We added a summarised version below for those who prefer the written word, made easy for you to skim and record top insights! 📝
Additional note from community moderators: We’re presenting the insights as-is and do not promote any specific tool, platform, or brand. This is to simply share raw experiences and opinions from actual voices in the analytics space to further discussions.
Prefer watching over listening? Watch the Full Episode here ⚡️
Introducing Sitian Gao | Our Analytics Hero at Your Service 🦸🏻♂️
An Analytics Project Lead for Global Analytics Tech at Wayfair, Sitian recently transitioned into the role of Senior Product Manager at Zalando—in a way emphasizing the close-knit nature of common skills between analytics and product domains.
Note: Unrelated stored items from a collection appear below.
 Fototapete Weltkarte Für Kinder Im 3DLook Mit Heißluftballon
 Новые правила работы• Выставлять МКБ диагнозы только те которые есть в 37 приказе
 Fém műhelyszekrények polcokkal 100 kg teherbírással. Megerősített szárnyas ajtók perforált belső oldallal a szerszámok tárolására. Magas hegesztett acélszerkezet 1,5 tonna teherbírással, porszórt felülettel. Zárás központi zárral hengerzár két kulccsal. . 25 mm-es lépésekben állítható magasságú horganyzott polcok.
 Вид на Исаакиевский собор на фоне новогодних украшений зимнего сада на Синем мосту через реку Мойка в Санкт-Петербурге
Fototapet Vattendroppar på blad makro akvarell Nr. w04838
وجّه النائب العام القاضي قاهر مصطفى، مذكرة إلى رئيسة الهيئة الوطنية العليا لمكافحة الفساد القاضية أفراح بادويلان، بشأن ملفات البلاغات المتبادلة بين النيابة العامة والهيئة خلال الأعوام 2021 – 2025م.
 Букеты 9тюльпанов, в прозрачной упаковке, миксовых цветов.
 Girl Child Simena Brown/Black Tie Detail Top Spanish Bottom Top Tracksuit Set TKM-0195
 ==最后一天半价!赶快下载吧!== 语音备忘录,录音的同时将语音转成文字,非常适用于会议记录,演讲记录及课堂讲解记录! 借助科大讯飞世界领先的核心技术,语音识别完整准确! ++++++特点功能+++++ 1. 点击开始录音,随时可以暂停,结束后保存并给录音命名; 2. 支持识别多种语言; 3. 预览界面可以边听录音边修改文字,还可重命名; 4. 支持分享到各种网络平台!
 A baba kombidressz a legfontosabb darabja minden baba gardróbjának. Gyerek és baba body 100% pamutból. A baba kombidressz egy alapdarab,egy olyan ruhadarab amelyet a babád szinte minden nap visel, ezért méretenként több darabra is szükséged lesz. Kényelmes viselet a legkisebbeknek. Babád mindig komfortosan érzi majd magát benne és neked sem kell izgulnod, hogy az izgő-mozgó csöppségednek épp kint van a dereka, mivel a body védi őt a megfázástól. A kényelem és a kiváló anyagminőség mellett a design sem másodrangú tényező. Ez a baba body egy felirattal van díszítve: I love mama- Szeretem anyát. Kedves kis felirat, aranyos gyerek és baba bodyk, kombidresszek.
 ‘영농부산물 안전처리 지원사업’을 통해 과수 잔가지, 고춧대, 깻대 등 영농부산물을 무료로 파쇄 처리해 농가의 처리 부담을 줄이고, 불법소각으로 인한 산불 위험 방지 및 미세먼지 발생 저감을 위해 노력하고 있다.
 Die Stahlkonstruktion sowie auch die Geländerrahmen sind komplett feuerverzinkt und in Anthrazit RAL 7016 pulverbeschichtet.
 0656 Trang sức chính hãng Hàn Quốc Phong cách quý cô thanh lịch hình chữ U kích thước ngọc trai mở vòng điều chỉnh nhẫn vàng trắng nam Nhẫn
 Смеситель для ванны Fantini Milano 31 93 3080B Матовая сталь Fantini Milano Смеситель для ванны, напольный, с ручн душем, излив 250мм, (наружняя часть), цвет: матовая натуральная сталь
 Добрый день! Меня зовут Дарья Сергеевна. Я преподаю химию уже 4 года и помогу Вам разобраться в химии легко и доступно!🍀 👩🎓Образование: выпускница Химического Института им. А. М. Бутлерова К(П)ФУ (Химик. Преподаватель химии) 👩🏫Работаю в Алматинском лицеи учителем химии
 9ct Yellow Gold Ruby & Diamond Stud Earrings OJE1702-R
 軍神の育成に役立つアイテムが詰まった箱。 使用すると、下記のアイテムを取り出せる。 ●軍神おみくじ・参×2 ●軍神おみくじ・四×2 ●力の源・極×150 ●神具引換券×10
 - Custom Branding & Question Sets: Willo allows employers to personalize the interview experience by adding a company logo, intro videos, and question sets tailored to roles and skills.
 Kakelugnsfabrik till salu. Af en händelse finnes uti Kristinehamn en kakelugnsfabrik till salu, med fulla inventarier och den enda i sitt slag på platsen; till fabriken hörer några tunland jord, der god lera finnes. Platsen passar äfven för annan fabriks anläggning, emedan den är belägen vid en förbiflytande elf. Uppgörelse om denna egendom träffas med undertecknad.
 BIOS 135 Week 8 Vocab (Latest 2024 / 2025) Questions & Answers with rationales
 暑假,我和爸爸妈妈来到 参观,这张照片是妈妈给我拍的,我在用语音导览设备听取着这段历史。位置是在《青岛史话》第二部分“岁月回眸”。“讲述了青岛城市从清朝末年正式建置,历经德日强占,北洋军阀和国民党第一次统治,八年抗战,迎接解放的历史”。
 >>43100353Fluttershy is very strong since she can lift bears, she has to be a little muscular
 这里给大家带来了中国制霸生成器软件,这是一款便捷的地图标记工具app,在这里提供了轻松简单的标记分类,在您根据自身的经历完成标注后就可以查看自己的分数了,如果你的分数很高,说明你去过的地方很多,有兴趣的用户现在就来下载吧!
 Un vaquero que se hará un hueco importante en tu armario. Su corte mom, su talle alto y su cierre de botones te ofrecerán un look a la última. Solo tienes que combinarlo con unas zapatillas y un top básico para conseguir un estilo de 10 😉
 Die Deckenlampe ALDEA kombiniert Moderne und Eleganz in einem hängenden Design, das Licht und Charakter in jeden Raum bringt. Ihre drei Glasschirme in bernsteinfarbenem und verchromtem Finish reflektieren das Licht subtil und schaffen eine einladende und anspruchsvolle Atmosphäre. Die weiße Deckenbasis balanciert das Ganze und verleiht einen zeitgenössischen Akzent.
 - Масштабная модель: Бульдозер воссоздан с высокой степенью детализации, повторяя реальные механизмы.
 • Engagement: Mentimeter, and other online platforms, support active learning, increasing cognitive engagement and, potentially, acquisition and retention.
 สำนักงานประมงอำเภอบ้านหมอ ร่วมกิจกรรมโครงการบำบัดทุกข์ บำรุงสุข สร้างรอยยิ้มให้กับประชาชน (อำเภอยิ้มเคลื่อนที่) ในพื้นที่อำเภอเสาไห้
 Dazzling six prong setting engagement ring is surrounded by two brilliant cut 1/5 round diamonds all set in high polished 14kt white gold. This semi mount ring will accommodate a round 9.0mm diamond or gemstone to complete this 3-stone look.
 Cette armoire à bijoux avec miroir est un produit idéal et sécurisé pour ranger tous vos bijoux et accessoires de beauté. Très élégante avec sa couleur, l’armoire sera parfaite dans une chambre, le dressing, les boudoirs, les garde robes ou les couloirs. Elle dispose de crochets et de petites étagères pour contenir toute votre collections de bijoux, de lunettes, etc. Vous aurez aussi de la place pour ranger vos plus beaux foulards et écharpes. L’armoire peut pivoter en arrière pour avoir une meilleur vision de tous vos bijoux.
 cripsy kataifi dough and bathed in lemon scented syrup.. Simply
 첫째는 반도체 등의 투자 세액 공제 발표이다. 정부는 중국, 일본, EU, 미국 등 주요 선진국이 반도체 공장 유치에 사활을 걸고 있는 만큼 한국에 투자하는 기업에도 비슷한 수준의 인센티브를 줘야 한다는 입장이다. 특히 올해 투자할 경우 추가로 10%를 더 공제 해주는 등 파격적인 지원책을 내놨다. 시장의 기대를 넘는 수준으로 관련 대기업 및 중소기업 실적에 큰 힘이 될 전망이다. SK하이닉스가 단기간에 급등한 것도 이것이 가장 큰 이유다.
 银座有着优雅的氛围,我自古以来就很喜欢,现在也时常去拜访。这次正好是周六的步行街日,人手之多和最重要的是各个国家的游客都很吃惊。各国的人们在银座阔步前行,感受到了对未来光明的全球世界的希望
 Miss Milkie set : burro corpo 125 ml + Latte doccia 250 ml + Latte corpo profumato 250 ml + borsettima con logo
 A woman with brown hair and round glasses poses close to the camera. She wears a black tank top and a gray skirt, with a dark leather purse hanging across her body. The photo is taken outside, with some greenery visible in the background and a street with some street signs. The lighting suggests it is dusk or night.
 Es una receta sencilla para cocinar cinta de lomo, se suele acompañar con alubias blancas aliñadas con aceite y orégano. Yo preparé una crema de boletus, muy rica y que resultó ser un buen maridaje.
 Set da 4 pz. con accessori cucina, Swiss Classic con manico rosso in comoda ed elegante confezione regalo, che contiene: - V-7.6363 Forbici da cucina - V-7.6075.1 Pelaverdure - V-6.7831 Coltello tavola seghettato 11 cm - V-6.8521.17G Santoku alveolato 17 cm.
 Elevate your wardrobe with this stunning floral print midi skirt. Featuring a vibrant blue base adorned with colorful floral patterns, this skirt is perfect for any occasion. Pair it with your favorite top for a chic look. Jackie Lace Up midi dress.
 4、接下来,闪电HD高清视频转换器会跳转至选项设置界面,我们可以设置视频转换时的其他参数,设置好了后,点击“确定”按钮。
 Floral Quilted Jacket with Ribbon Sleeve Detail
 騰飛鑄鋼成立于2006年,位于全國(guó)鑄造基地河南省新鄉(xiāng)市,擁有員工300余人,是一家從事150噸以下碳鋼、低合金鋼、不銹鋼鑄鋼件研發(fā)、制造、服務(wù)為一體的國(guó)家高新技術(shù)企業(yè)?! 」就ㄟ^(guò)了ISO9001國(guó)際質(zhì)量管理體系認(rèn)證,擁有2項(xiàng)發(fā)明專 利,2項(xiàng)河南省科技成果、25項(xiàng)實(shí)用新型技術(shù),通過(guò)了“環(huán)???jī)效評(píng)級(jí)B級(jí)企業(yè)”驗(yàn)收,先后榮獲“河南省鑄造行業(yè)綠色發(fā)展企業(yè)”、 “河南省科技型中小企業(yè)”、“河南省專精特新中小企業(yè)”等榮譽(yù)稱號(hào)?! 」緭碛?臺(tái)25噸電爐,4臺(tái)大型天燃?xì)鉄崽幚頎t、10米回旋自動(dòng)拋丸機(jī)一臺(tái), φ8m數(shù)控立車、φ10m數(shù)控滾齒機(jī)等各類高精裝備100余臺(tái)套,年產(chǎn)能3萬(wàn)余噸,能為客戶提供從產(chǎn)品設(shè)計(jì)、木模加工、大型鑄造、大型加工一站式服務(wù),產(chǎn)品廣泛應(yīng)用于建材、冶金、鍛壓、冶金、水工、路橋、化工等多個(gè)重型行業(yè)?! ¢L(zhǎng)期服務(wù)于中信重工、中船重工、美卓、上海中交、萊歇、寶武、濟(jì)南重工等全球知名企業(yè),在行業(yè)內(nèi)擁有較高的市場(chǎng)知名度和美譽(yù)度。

Making her story even more relevant for the data product wave.
With experience in delivering impactful projects, Sitian focuses on driving strategic decisions through analytics and data-driven storytelling to enable orgs to create value in customer experiences and business operations.
Sitian focuses on topics around the use of analytics, especially the integration of advanced analytics into retail and supply chain strategies, around innovative analytics frameworks that enhance decision-making processes in e-commerce and logistics.
We highly appreciate her joining the MD101 initiative and sharing his much-valued insights with us!
We’ve covered a RANGE of topics with Sitian. Dive in! 🤿
TOC
Data Layers for Supply Chain: An Overview
Decentralising Maintenance for Data Products
Go-to Analytics Stack
Key Governance Factor: Identifying the Single Source of Truth
Most Effective Way to Deal with Multiple Sources
Growth Map for Analytics Engineers: Empathy for Stakeholders
Leading Analytics Projects: Vision, Hands-On Collaboration, and Stakeholder Management
Operational & Internal Tools
Onboarding New Tools & Platforms: How Decisions Are Made
Experience with DBT
Does a Background in Statistics Help an Analytics Lead?
Furthering Business Growth with Data Modeling
Missing Pieces of the Current Analytics Stack: Enterprises vs. Small Businesses
Semantic Layer in Practice
Extent of Adoption of the Semantic Layer
Impacting Key Business KPIs as an Analytics Vertical
Are Data Catalogs Making it Easy for Analytics Leads?
All About Data Products: POV, Types, Goals & Requirements
A Good Data Product: Threshold for Coverage Acceptance, Domain Alignment, Apt Semantics, & More!
Evolution of the “Data Product Manager” in Supply Chain Analytic
Go-to Resources
Meeting the Real Sitian
Data Layers for Supply Chain: An Overview
The most recent project I worked on involved building data layers and data warehousing for the supply chain space. It required connecting different systems across the entire supply chain, which is a challenge because the data exists at varying levels of granularity. A key part of the work was figuring out how to make the data layer meaningful for end-users, ensuring the system could handle data requests from multiple sources. It’s highly technical but also requires a strong understanding of the final product you're aiming to deliver and aligning the goals with stakeholders to make the execution successful.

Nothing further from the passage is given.